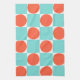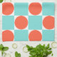 Coral and Aqua Circle Checkerboard Kitchen Towel
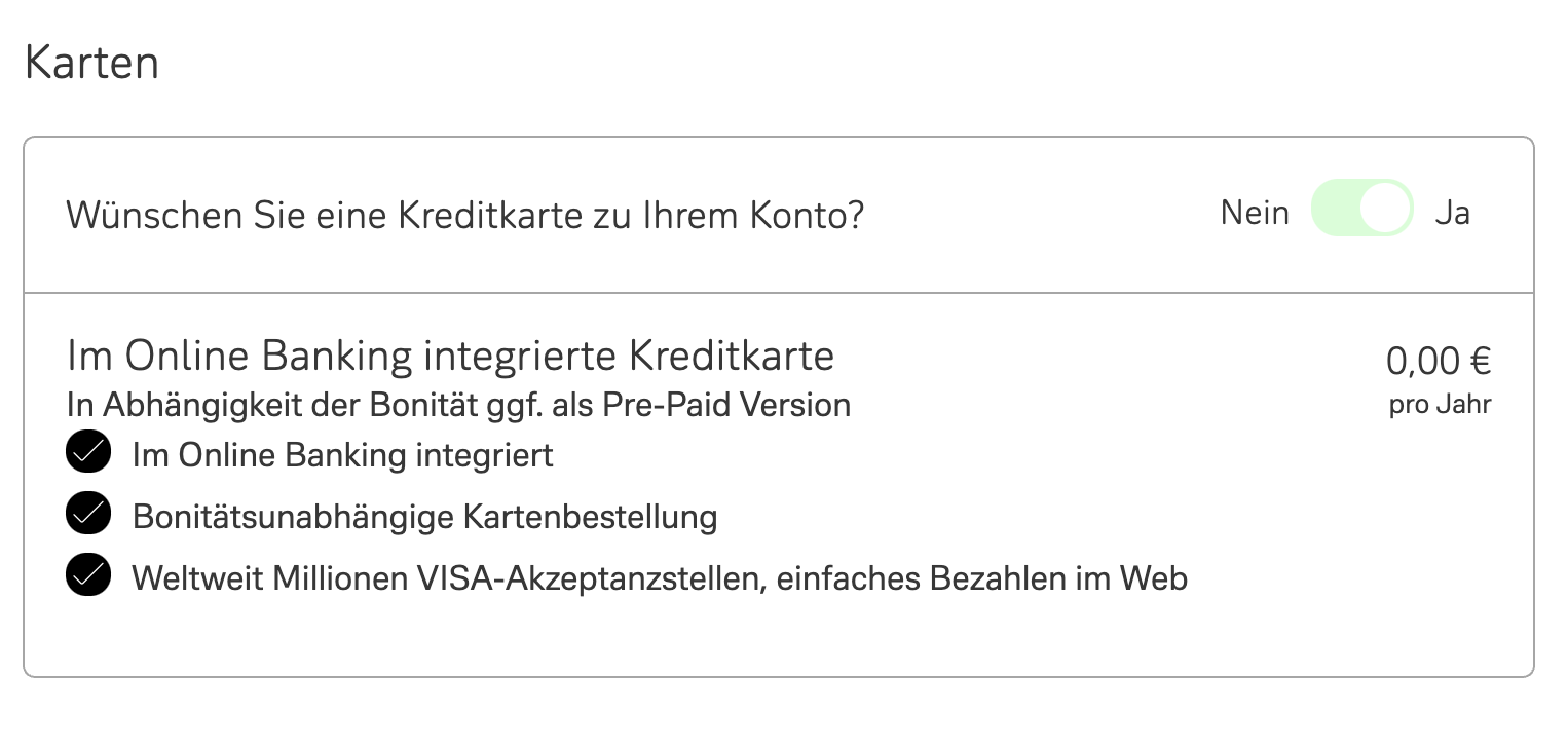 Es kann zusätzlich eine Kreditkarte bestellt werden für das Geschäftskonto.
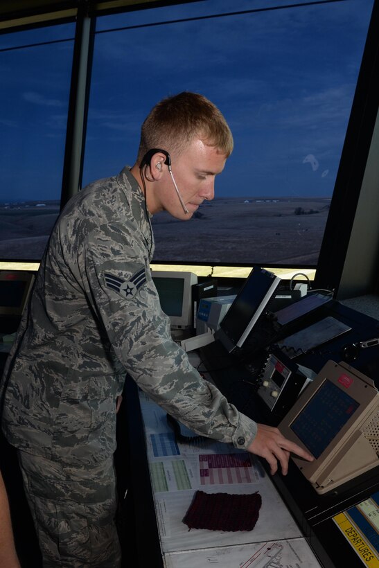 Senior Airman Andrew Ahrendt, 28th Operations Support Squadron air traffic controller, makes contact with ground crews at Ellsworth Air Force Base, S.D., Sept. 22, 2014. Controllers work with many base agencies including ground crews, weather, the fire department and airfield management to ensure that they are fully aware of all possible flight complications and are able to relay important information to the aircrew. (U.S. Air Force photo by Airman 1st Class Rebecca Imwalle/ Released)
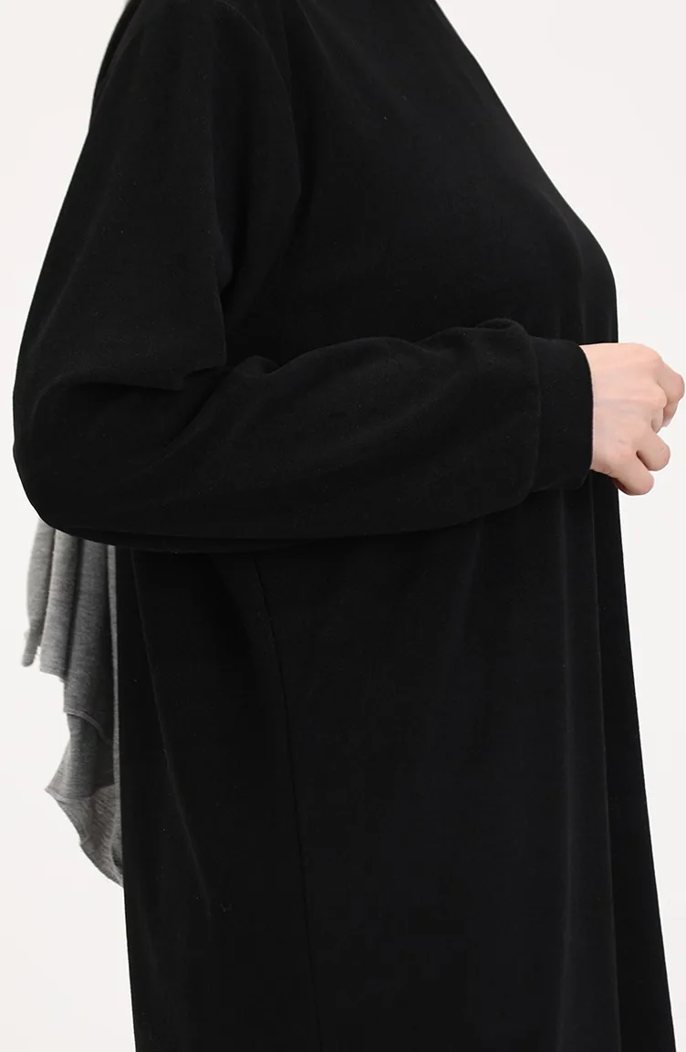 Siyah renktedir. Pamuk dokuma kumaş. Sade. Tunik. Sıfır yaka detayı ile rahat kullanıma sahiptir. 4 Mevsim tercih edebilirsiniz. Büyük beden seçeneği mevcuttur.
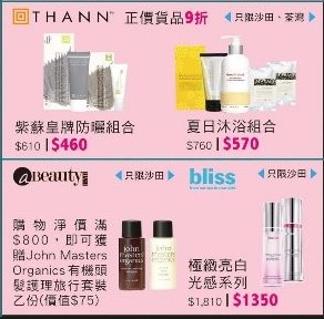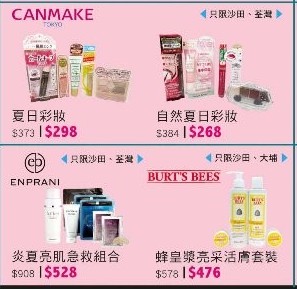 香港打折:一田百货盛夏美肌大作战超多化妆品购物优惠(至15年8月3日)
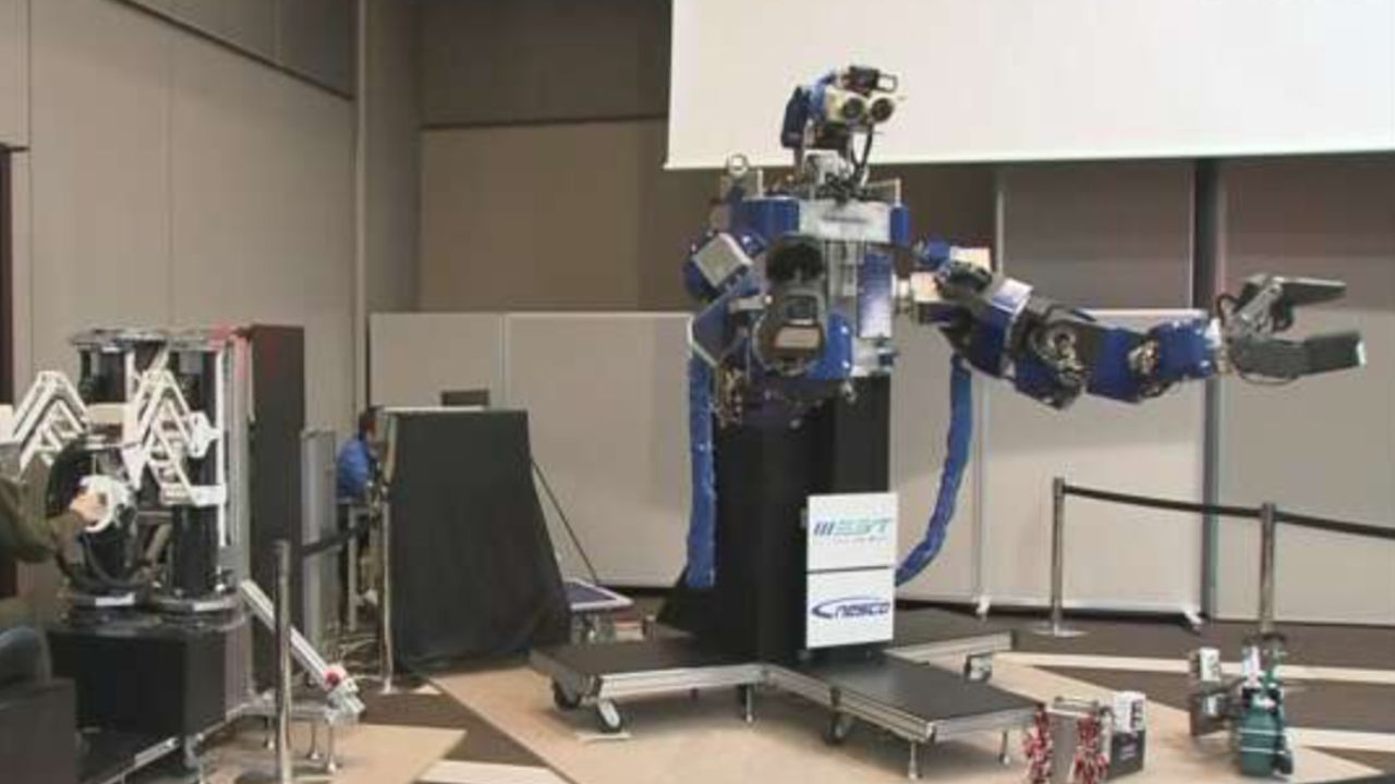 操作者通过头戴的护目镜观看机器人的视角,改变脸部方向时机器人也会做出相同的动作,操作杠杆能感受到举起物体的重量。
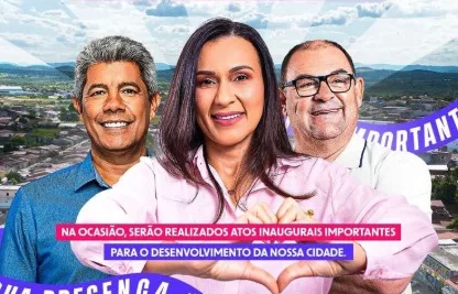 “A prefeita Dra. Fabiane tem a honra de convidar toda a população para recepcionar o governador da Bahia, Jerônimo Rodrigues, em sua visita ao nosso município.”, diz o convite.
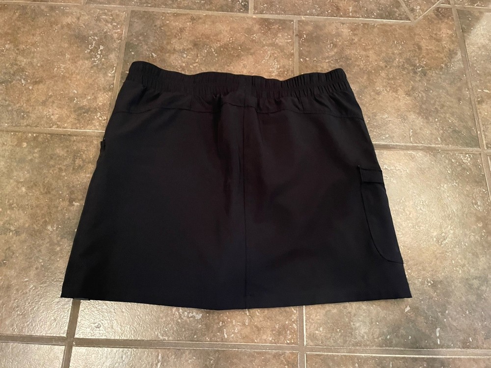 The North Face Black Athletic Skort in size M is a versatile activewear piece designed for women. Made from a durable polyester blend material, this skort features a tie closure and is perfect for hiking adventures. The classic black color adds a sleek and stylish touch to the performance-driven design, making it a must-have for outdoor activities. With The North Face branding, you can trust that this skort is both high-quality and built for durability. Three pockets 32 waist 16.25 length smoke and pet free home
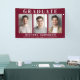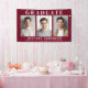 Moderne bordeauxrote Graduierungsparty Begrüßung Banner-Zeichen und Foto-Hintergrund-Requisiten mit 3 Fotos, "Graduate" in eleganter weißer Typografie und den Namen, Schule und Klasse Jahr in schlicht weißer Typografie.
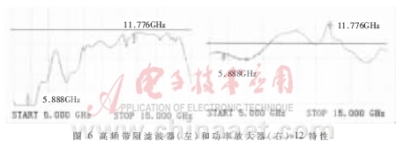 的連接線。濾波后采用低耗能的射頻放大器對(duì)信號(hào)進(jìn)行功率放大以彌補(bǔ)濾波器的通帶衰減。功率放大器電路設(shè)計(jì)主要是隔直電路的設(shè)計(jì),選用一級(jí)耦合微帶作為隔直電路,對(duì)11.776GHz信號(hào)增益可以達(dá)到10dB左右。圖6給出了用網(wǎng)絡(luò)分析儀測(cè)得的帶阻濾波器和功率放大器的s12特性。
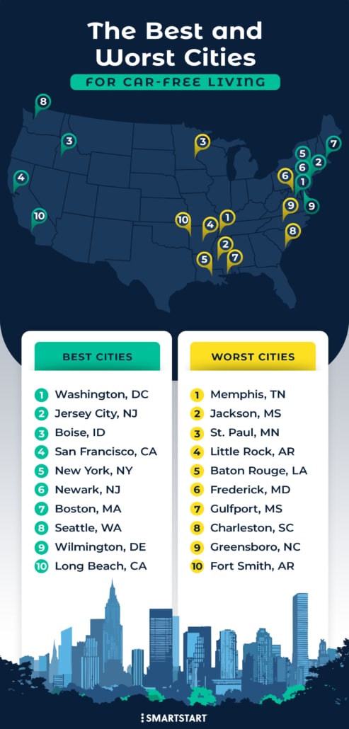 - Memphis, TN; Jackson, MS; and St. Paul, MN are the worst cities in the US for those trying to live car-free.
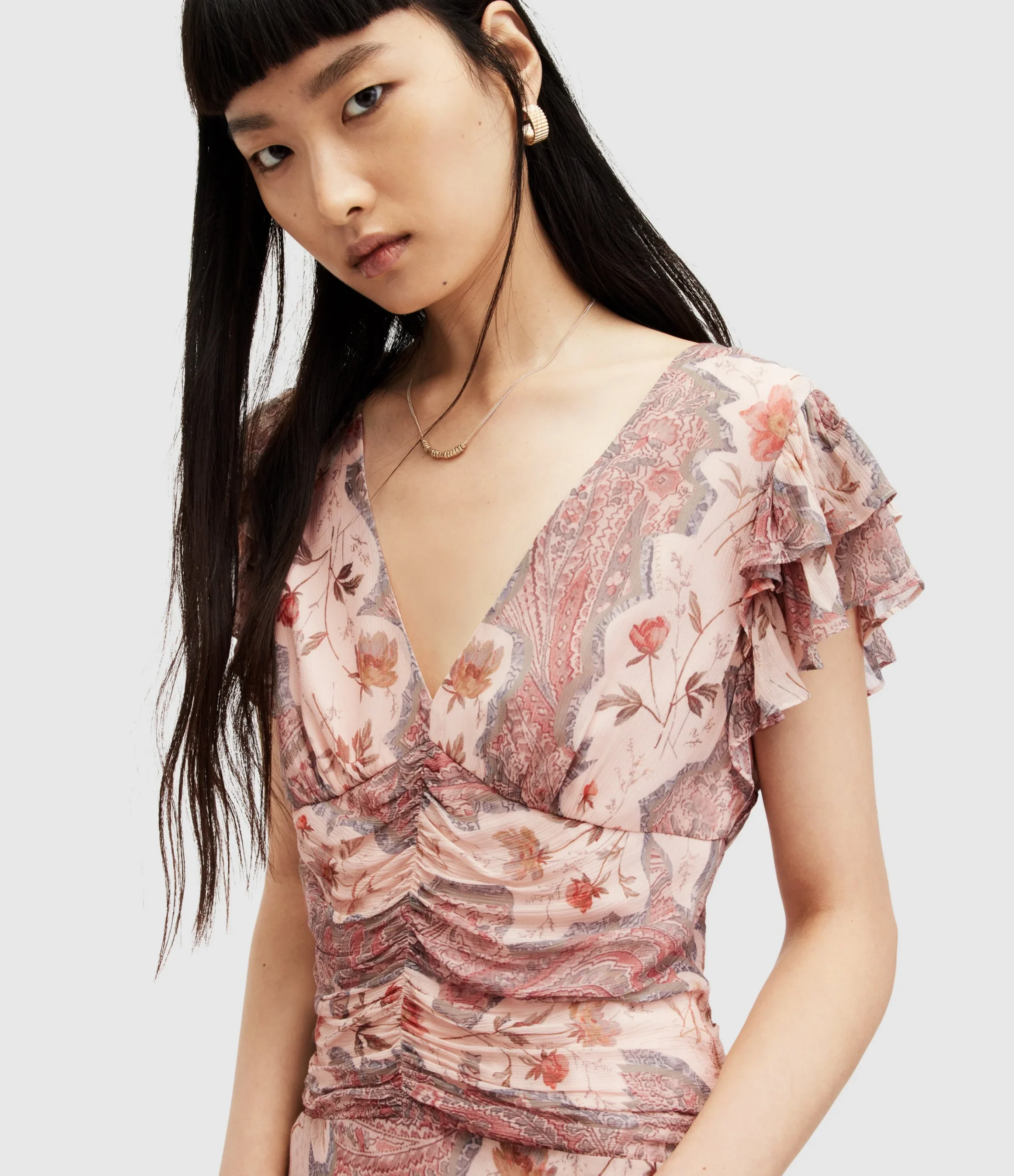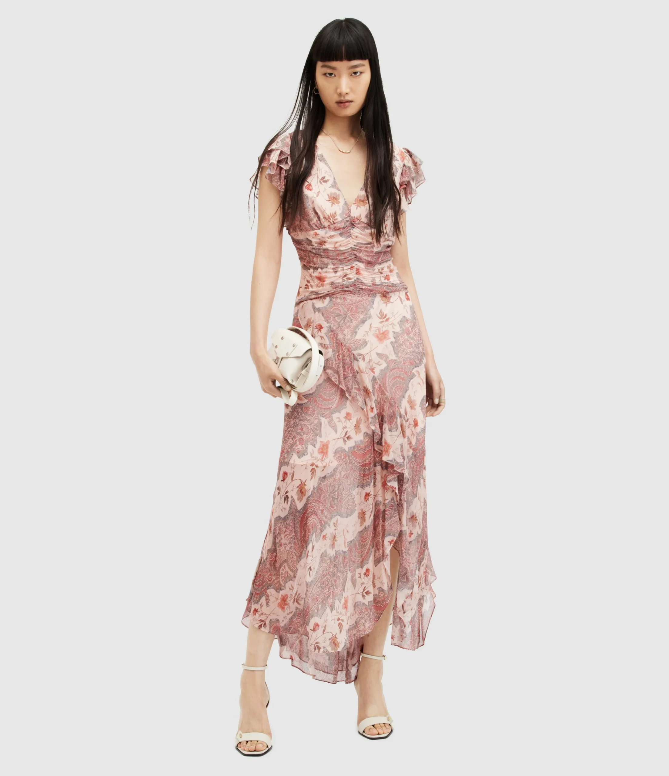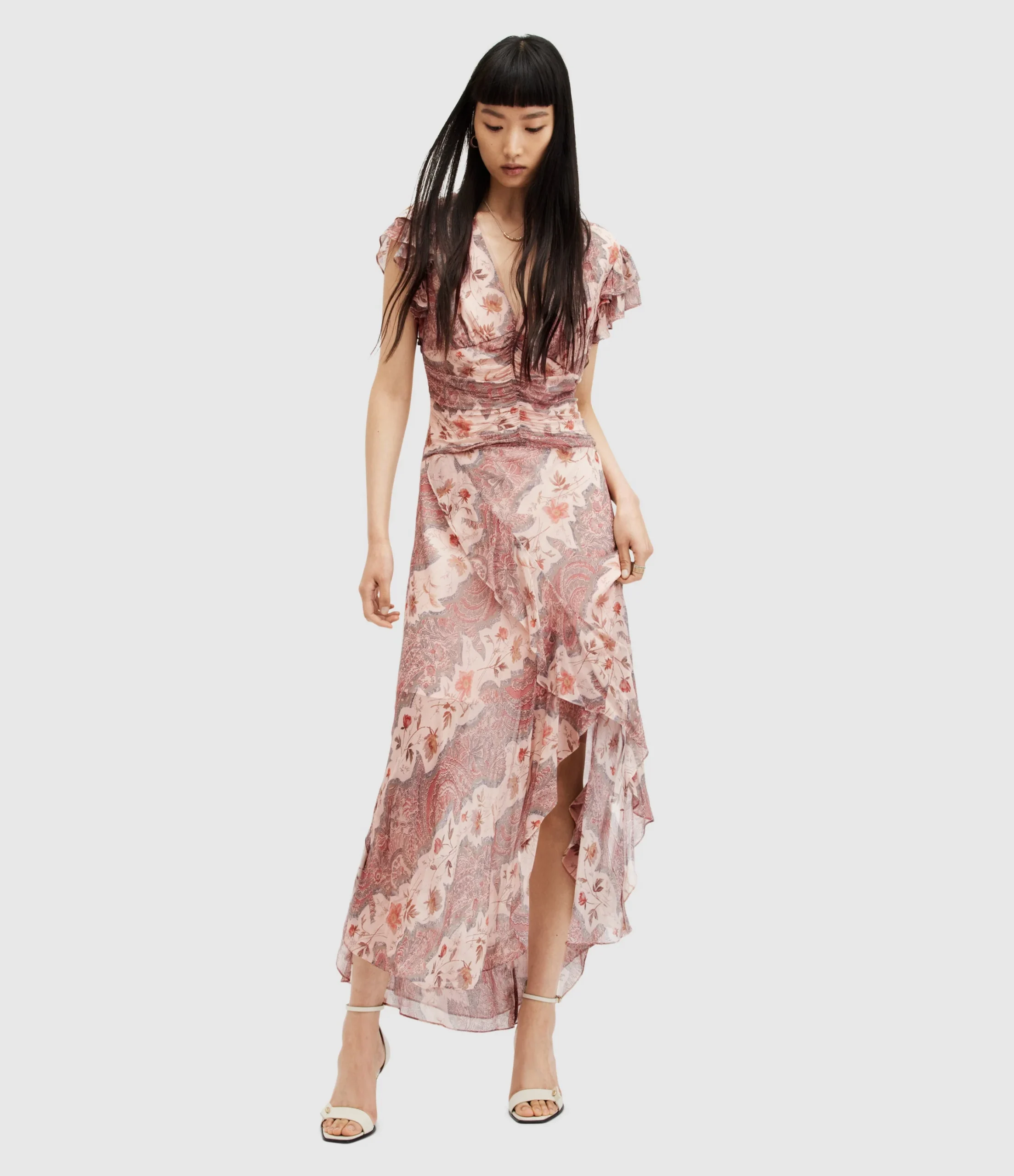 Vestido Brea Cascade color Rosa Masilla para mujer, marca AllSaints.
::::
Above are the records. Copy exactly, and only, the lines from the line containing "操作者通过头戴的护目镜观看机" through the last one, omitting any pictures.

 操作者通过头戴的护目镜观看机器人的视角,改变脸部方向时机器人也会做出相同的动作,操作杠杆能感受到举起物体的重量。
 “A prefeita Dra. Fabiane tem a honra de convidar toda a população para recepcionar o governador da Bahia, Jerônimo Rodrigues, em sua visita ao nosso município.”, diz o convite.
 The North Face Black Athletic Skort in size M is a versatile activewear piece designed for women. Made from a durable polyester blend material, this skort features a tie closure and is perfect for hiking adventures. The classic black color adds a sleek and stylish touch to the performance-driven design, making it a must-have for outdoor activities. With The North Face branding, you can trust that this skort is both high-quality and built for durability. Three pockets 32 waist 16.25 length smoke and pet free home
 Moderne bordeauxrote Graduierungsparty Begrüßung Banner-Zeichen und Foto-Hintergrund-Requisiten mit 3 Fotos, "Graduate" in eleganter weißer Typografie und den Namen, Schule und Klasse Jahr in schlicht weißer Typografie.
 的連接線。濾波后采用低耗能的射頻放大器對(duì)信號(hào)進(jìn)行功率放大以彌補(bǔ)濾波器的通帶衰減。功率放大器電路設(shè)計(jì)主要是隔直電路的設(shè)計(jì),選用一級(jí)耦合微帶作為隔直電路,對(duì)11.776GHz信號(hào)增益可以達(dá)到10dB左右。圖6給出了用網(wǎng)絡(luò)分析儀測(cè)得的帶阻濾波器和功率放大器的s12特性。
 - Memphis, TN; Jackson, MS; and St. Paul, MN are the worst cities in the US for those trying to live car-free.
 Vestido Brea Cascade color Rosa Masilla para mujer, marca AllSaints.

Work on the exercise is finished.